Souterrain, Brackloon, Co. Mayo
Co. Mayo |
Settlement Sites
Beneath a circular earthwork at Brackloon in County Mayo, a passage may still exist, sealed off from the world and quietly forgotten.
The site sits within a rath, a type of enclosed farmstead built and occupied during the early medieval period, typically defined by one or more earthen banks and ditches. Inside that enclosure, local tradition holds that a souterrain was once accessible. A souterrain is an underground stone-built passage or chamber, constructed using drystone walling and covered with flat lintel stones laid across the top. They were common features of early medieval settlements across Ireland, used variously for storage, refuge, or ventilation. At Brackloon, the entrance was blocked up at some point in the past, and the interior has not been accessible since.

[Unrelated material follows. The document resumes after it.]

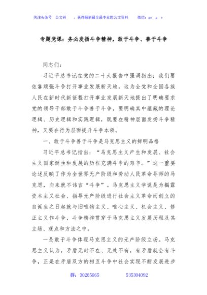 / 专题党课:务必发扬斗争精神,敢于斗争、善于斗争

What remains visible above ground is suggestive rather than conclusive. Two large stone slabs protrude obliquely from the grass to the west of the rath's centre, angled in a way that distinguishes them from ordinary field clearance. These may mark the location of the blocked passage below, the lintel stones of a collapsed or deliberately sealed entrance pressing upward through the turf. No excavation appears to have been carried out, and the tradition of the souterrain rests on local memory rather than documented investigation. That combination, an earthwork of early medieval origin, a blocked underground structure, and two anomalous stones breaking the surface at an odd angle, gives the site a quality common to many Irish monuments: most of what it contains remains out of reach.